▸ **PROBLEM**:
Scan the data below and report how many lines include the word "with". Nothing else is wanted.

▸ **EXERCISE MATERIALS**:
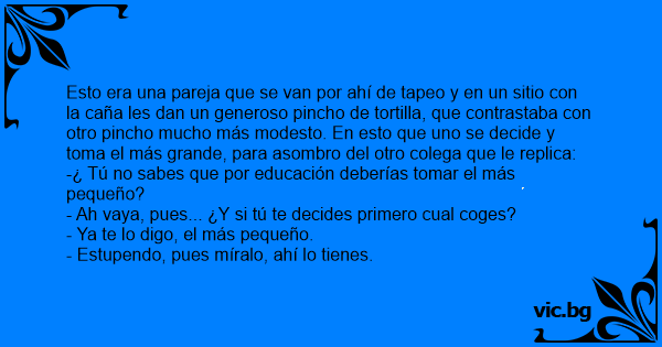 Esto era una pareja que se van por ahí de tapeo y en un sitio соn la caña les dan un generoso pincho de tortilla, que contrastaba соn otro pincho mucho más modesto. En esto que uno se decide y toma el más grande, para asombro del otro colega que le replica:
--
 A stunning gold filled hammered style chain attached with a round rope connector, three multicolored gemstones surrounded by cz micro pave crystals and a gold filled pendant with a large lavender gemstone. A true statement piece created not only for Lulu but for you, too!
* * *
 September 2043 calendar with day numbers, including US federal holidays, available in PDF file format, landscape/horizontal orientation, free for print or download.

▸ **SOLUTION TO THE PROBLEM**:
2